TASK OBJECTIVE: The answer must consist only of the lines in the records below from the line with "VIRADE DE L'ESPOIR" to the line with "이번 행사에는 10여", both included, copied word for word with every picture left out.

SUPPLIED MATERIAL:
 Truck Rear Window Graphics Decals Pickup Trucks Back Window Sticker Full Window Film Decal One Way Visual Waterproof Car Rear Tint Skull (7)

...

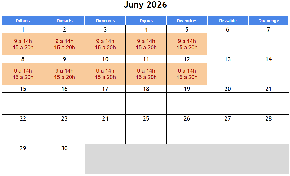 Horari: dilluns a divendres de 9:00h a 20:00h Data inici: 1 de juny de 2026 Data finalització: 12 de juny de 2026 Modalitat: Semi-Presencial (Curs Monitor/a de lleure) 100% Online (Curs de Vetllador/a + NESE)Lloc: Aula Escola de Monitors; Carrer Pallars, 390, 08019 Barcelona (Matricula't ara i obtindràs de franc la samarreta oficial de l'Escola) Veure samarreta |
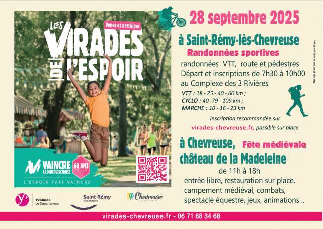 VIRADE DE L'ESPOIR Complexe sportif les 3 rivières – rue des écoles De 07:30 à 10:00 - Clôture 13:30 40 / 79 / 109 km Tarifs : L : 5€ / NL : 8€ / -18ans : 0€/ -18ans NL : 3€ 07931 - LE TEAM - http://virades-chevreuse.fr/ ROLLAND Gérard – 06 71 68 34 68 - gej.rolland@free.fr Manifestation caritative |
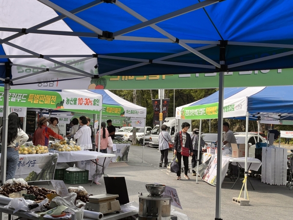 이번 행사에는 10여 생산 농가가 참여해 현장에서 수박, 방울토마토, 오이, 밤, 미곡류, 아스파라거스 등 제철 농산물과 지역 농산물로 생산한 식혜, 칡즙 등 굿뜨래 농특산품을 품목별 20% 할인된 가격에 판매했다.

* * *

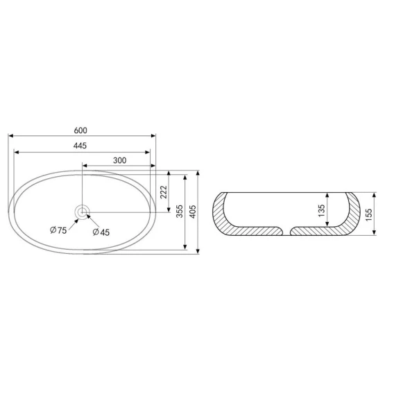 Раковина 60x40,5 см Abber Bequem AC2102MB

SOLUTION FOR THIS TASK:
 VIRADE DE L'ESPOIR Complexe sportif les 3 rivières – rue des écoles De 07:30 à 10:00 - Clôture 13:30 40 / 79 / 109 km Tarifs : L : 5€ / NL : 8€ / -18ans : 0€/ -18ans NL : 3€ 07931 - LE TEAM - http://virades-chevreuse.fr/ ROLLAND Gérard – 06 71 68 34 68 - gej.rolland@free.fr Manifestation caritative |
 이번 행사에는 10여 생산 농가가 참여해 현장에서 수박, 방울토마토, 오이, 밤, 미곡류, 아스파라거스 등 제철 농산물과 지역 농산물로 생산한 식혜, 칡즙 등 굿뜨래 농특산품을 품목별 20% 할인된 가격에 판매했다.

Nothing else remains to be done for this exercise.